In an Academy Award-nominated role, he played a double amputee injured in Vietnam, battling booze and bitterness at home and ultimately walking again.
Now, actor Gary Sinise is a crusader for service members severely injured in wars who routinely recognize him for his portrayal as Lt. Dan Taylor in the 1994 classic "Forrest Gump."
Sinise returns with his Lt. Dan Band to headline Rockin' for the Troops, a one-day concert benefiting Naperville-based Operation Support Our Troops-America, Saturday, July 21, at Cantigny Park in Wheaton.
"I just hope we're as jam-packed as we always are, and that people have a great time this year," said Sinise, who plays bass guitar in his band. "I know we're going to have a lot of great music to play."
Operation Support Our Troops-America donated a portion of last year's proceeds to a project Sinise suggested to organizers: the construction of a customized "smart" home for Marine Cpl. John Peck, a native of Antioch and a quadruple amputee. A groundbreaking ceremony was set for this week near Bethesda, Md., Sinise said.
The actor recently talked with the Daily Herald about the home-building project, as well as the Lt. Dan character that inspired his concert tours across the country and overseas to military troops and their families. This is an edited version of that conversation.
Q. The Gary Sinise Foundation has teamed with the Stephen Siller Tunnel to Towers Foundation to build homes for severely injured service members, some of whom have lost all of their limbs. What are some of the homes' innovative features and what do they mean for the vets?
A. It can mean independence. It can mean that whenever they walk into that house or roll into that house in their wheelchair, they'll be reminded that there was a community of support out there who cared enough about them to see that they would have a specially designed home to make their life more independent and more manageable.
That's significant for somebody who's going to live the rest of their lives with a disability because of their service to their country.
Obviously, this wounded warrior is going to have issues for the rest of his life. One thing that he won't have to worry about is where is he going to live and is that house conducive to his needs.
While there are many, many, many wounded warriors out there, we're trying to help some of the more severely wounded warriors first.
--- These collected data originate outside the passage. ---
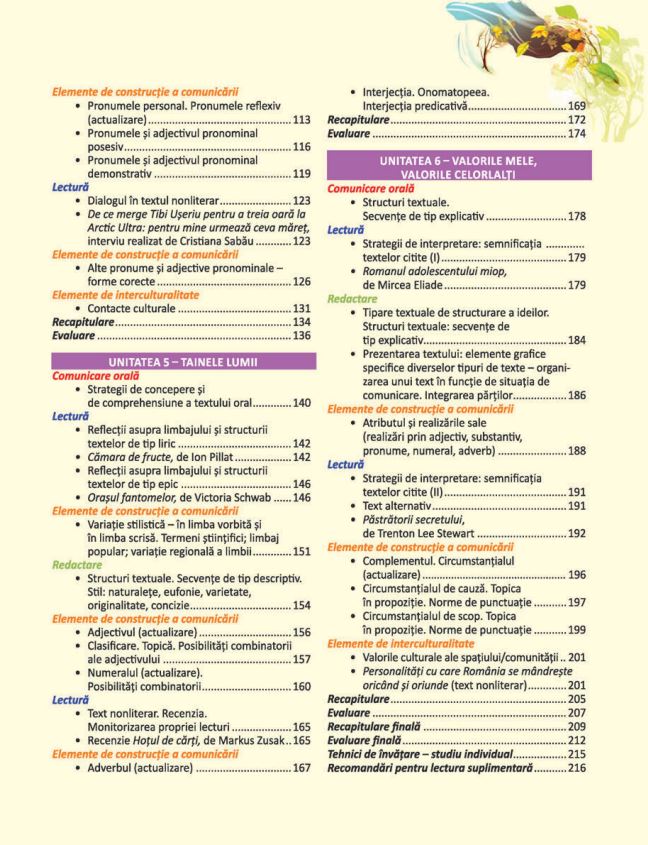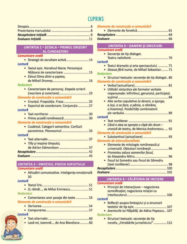 Iin cele sase unitati de invatare corespunzatoare subtemelor: Scoala – primul orizont al cunoasterii, Emotiile, poezia sufletului, Oameni si obiceiuri, Calatoria de initiere, Tainele lumii, Valorile mele, valorile celorlalti, domeniile de continut (comunicare orala, lectura, redactare, elemente de constructie a comunicarii, elemente de interculturalitate) sunt abordate integrat, oferindu-se modalitati variate de interpretare de text, de valorificare a fenomenului lingvistic in contexte multiple de comunicare.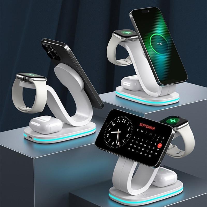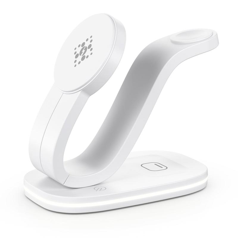 Elimina el desorden del escritorio con un único soporte que proporciona una carga inalámbrica rápida de 15 W, carga tu reloj inteligente a 2 W, alimenta tus auriculares a 3 W y funciona como una suave luz nocturna.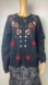 Stylish black sweater featuring vibrant red and white embroidery. Perfect for adding a festive touch to your wardrobe over the holidays. Smoke free home. Weighs 2 lbs for shipping.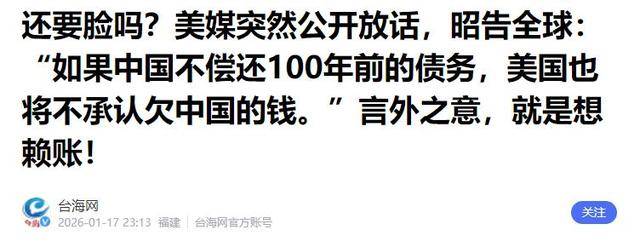 美媒竟放话:中国不还清朝的旧债,美国就不认现在的账!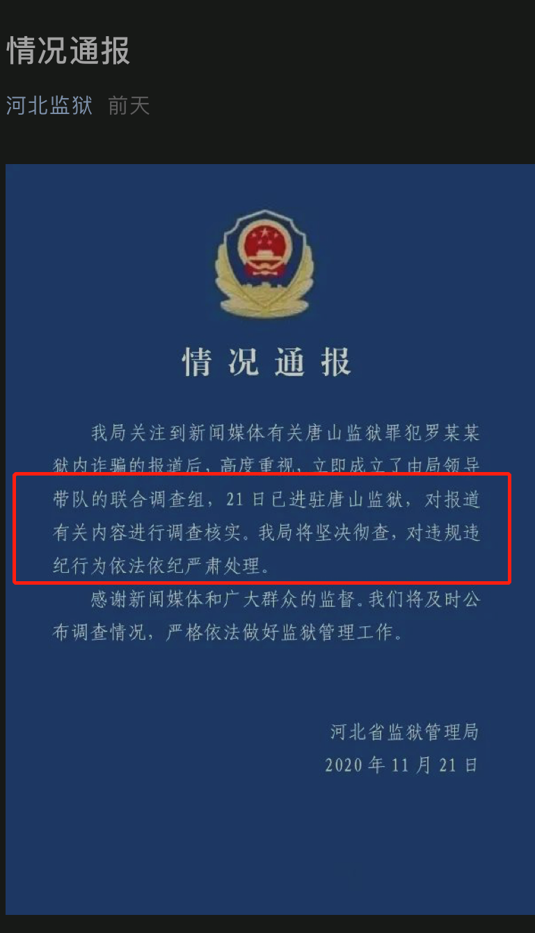 而最后,在11月21日,河北监狱对此事终于有了回应:表示调查组已经入驻了唐山监狱,对此事会彻查。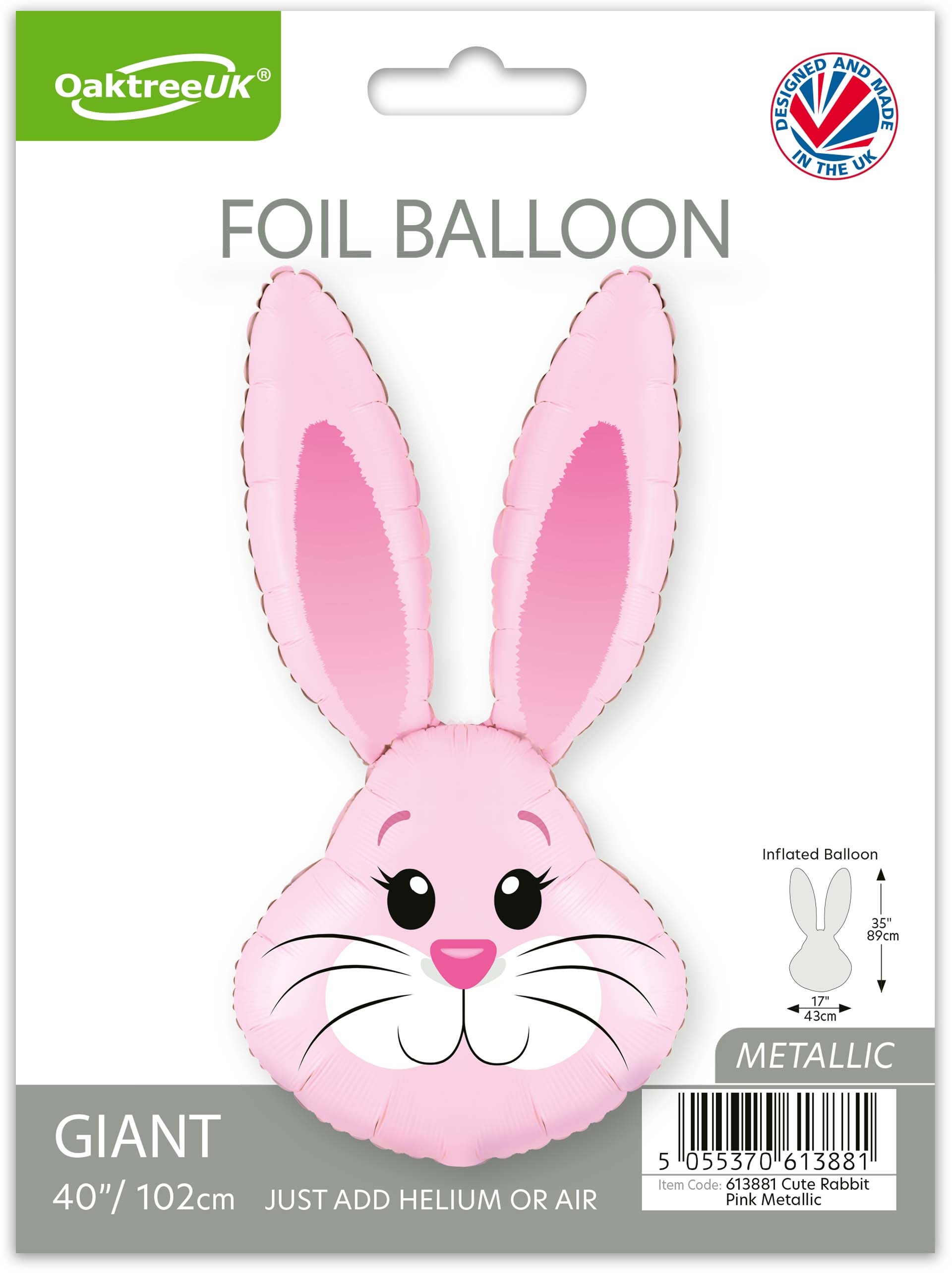 Folienballon niedlicher Hase Rosa 100cm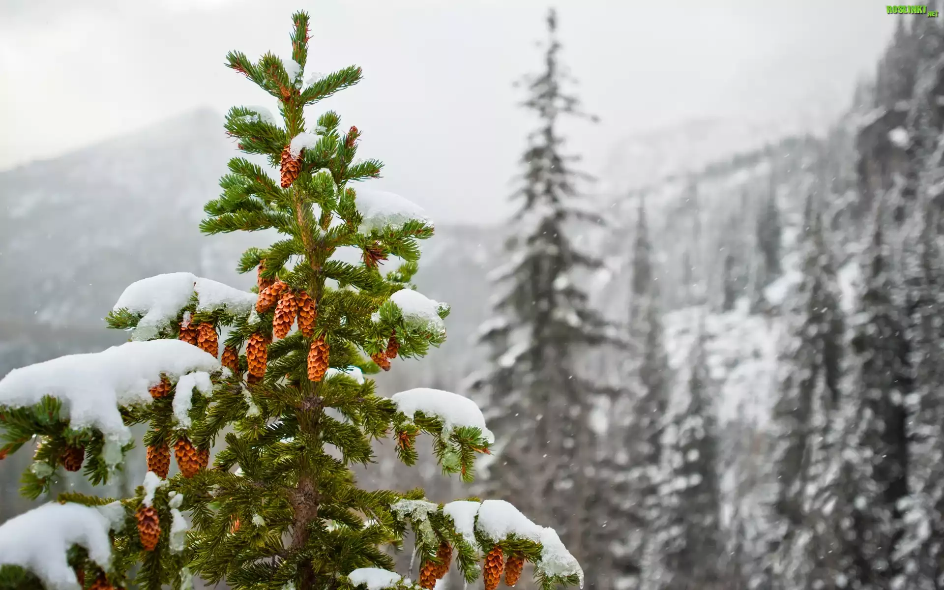 Rośliny: Góry, Śnieg, Świerki, Szyszki

The concert last year for Operation Support Our Troops-America really, really helped to go toward this effort for Marine Cpl. John Peck.
All of the houses that we are designing have very smart technology. He has one usable prosthetic arm right now. He has no arms and no legs, so life is difficult, but this smart technology and the iPad-run home can really help make things a lot easier for him. This house completely and totally will be designed for him.
Q. Why do you think the Lt. Dan character resonates with troops and veterans?
A. Lt. Dan is an Army guy. He's a military guy. He's hard core and then he gets that taken away from him and he has to sort of work to survive and move on with his life.
Having been involved with so many wounded and disabled veterans, there's no way I can kind of ignore the fact that they relate to the character. Therefore, I went ahead and named my band after the character, because everywhere I go in the military, for years now, they're always associating me with that character and calling me that character.
I know I just said, "Better just embrace it and have some fun with it." I realize the character has a meaning to them. They understand and they want that ending. The ending of Lt. Dan's story in that movie is that he's standing up and he's moving on with his life. He's successful and he's been able to put his combat experience and the catastrophic event of losing his legs behind him.
Certainly, all our wounded warriors want to be able to move forward and succeed in life after their combat service.
Q. What are your goals for your foundation and for your band?
A. The Gary Sinise Foundation, I hope, can just move forward and live a long life and make a difference and continue to make a difference.
I'm always on the move, and they're like the base camp, and I'm like the soldier in the field, constantly out there engaging with people, meeting soldiers, visiting hospitals, playing concerts, supporting charities, attending events in support of our military.
It's just something that I feel is very, very important.